◆ YOUR INSTRUCTIONS: Copy out exactly the lines spanning the line with "Развивающая предметно-игровая система." to the line with "Рыжий голландец вскочил: „А", inclusive, from the data underneath, with no pictures.

◆ DATA FOR PROCESSING:
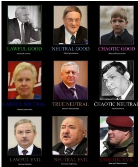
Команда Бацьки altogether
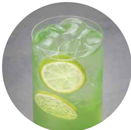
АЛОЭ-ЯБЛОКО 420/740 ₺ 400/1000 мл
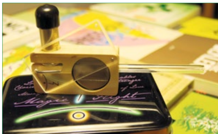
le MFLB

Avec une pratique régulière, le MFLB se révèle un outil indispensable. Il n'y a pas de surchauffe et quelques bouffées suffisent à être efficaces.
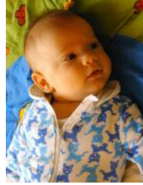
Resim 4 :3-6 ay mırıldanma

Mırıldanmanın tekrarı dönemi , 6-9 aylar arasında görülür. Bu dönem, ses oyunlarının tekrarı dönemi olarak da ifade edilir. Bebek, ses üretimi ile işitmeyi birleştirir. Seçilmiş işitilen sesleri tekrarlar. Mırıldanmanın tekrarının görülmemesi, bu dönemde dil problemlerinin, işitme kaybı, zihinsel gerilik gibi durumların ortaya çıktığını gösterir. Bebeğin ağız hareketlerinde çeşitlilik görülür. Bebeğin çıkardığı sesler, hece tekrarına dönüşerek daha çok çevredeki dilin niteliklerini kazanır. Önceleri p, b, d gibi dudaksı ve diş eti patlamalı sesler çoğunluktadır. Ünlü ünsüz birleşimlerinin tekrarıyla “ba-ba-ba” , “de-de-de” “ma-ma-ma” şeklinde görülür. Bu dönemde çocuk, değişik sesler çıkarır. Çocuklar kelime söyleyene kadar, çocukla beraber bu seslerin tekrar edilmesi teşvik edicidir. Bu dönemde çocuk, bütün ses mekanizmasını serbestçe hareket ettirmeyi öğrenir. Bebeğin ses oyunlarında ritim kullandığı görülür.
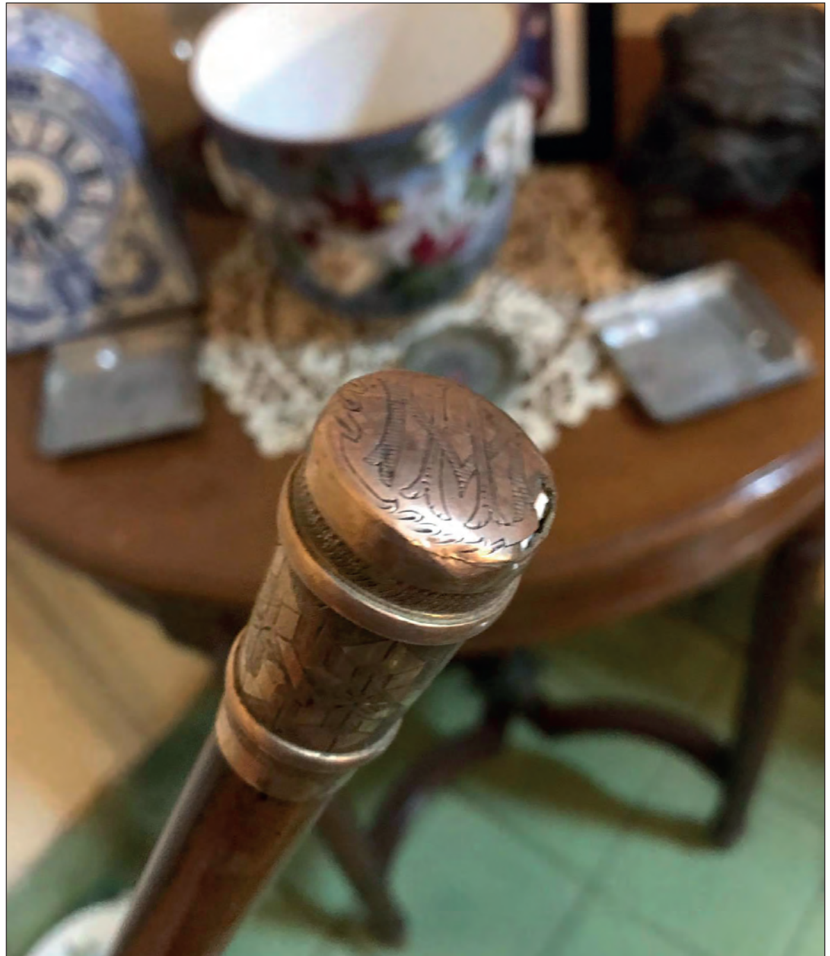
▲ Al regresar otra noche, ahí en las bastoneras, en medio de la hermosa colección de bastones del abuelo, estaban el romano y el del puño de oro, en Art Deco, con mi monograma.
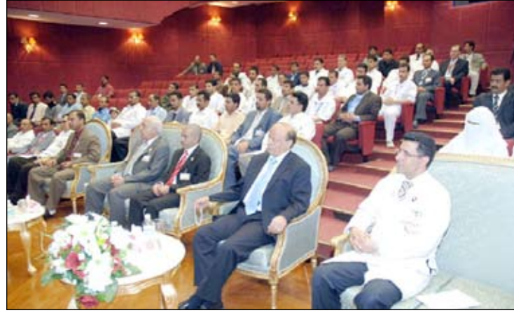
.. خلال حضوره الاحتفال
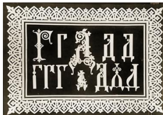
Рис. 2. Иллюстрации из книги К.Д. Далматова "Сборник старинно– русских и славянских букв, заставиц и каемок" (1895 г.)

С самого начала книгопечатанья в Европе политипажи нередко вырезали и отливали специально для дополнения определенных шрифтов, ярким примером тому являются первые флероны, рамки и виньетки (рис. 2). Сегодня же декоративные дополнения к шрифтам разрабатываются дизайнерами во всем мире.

---

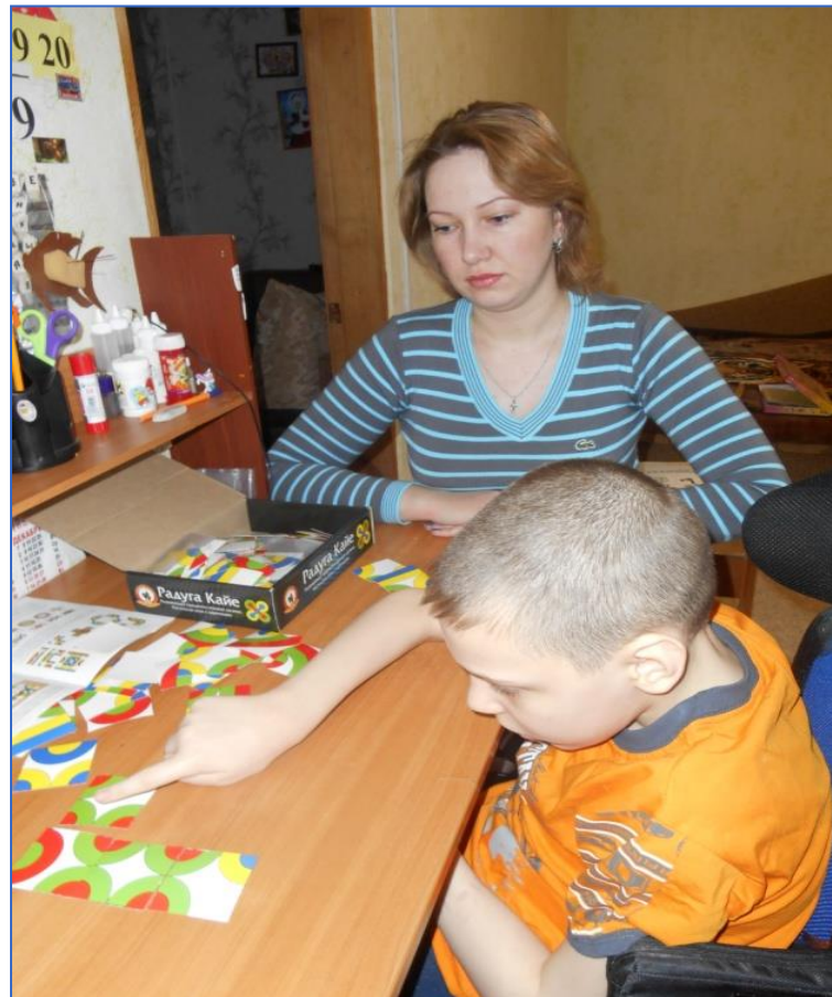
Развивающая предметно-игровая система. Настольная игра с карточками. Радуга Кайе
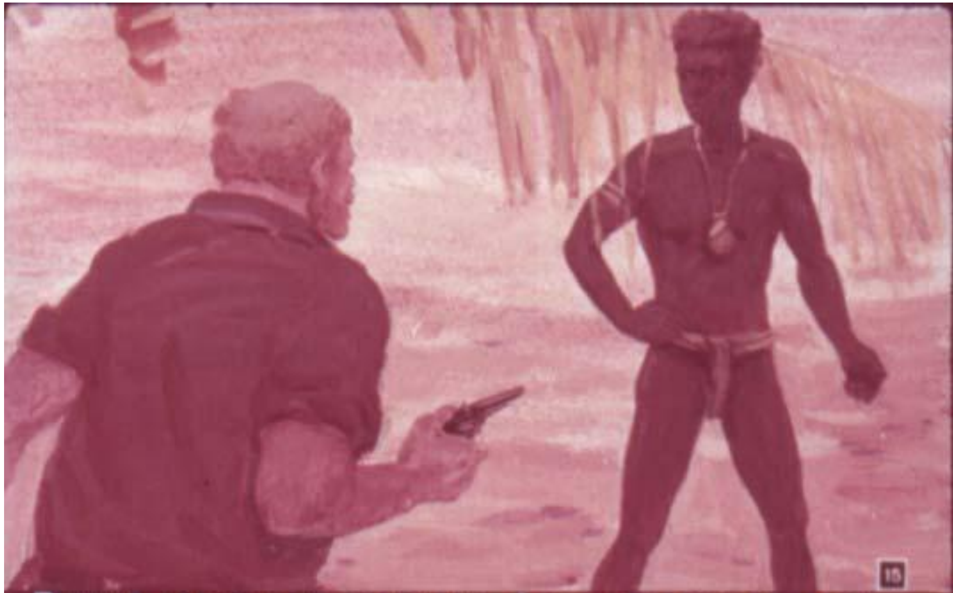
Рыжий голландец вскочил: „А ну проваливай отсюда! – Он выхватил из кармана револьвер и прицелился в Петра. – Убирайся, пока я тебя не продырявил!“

◆ TASK SOLUTION:
Развивающая предметно-игровая система. Настольная игра с карточками. Радуга Кайе
Рыжий голландец вскочил: „А ну проваливай отсюда! – Он выхватил из кармана револьвер и прицелился в Петра. – Убирайся, пока я тебя не продырявил!“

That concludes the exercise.